View LLM Performance Leaderboard
Push a ML model to Hugging Face Hub
GIFT-Eval: A Benchmark for General Time Series Forecasting
Browse and submit LLM evaluations
Submit models for evaluation and view leaderboard
Calculate memory needed to train AI models
Convert Hugging Face models to OpenVINO format
Evaluate adversarial robustness using generative models
Evaluate and submit AI model results for Frugal AI Challenge
Merge Lora adapters with a base model
Convert PyTorch models to waifu2x-ios format
View and submit LLM evaluations
Compare LLM performance across benchmarks
The LLM Performance Leaderboard is a tool designed to benchmark and compare the performance of various large language models (LLMs). It provides a comprehensive overview of how different models perform across a wide range of tasks and datasets. Users can leverage this leaderboard to make informed decisions about which model best suits their specific needs.

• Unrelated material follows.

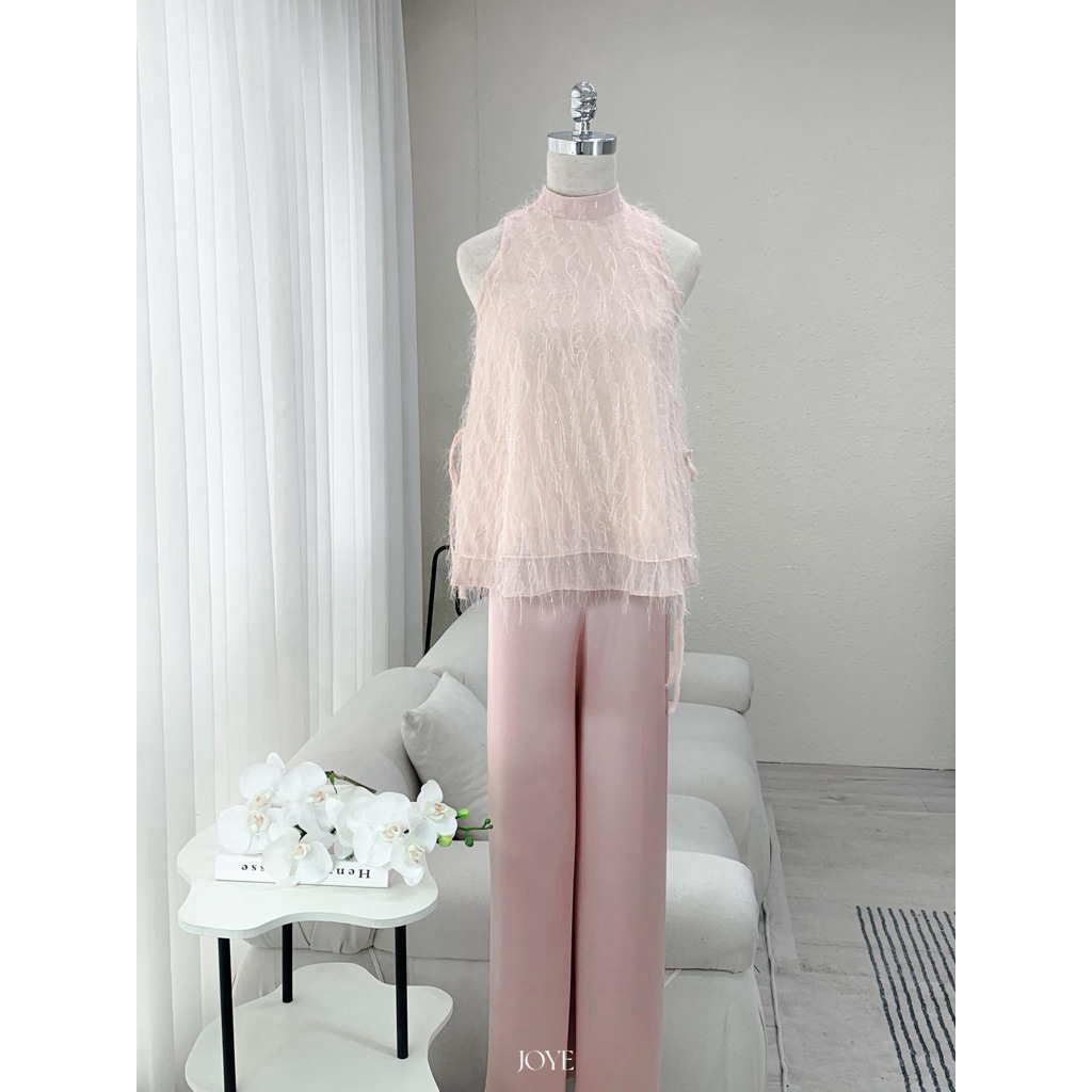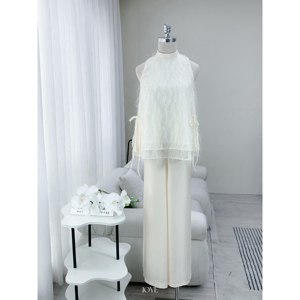BY JOY - Set yếm cổ tròn dáng xuông 2 tà thắt nơ cách điệu bên hông, phía sau xẻ cài cúc ngọc YẾM TRÂN DAO

1. How often is the leaderboard updated?
The leaderboard is updated regularly to reflect the latest advancements in LLM performance. Updates occur as new models are released or existing models are fine-tuned.
2. Can I compare models based on custom criteria?
Yes, the leaderboard allows users to filter models based on specific criteria such as task type, dataset, model size, or architecture.
3. What types of tasks are evaluated on the leaderboard?
The leaderboard evaluates models on a wide range of tasks, including but not limited to natural language understanding, text generation, reasoning, and code completion.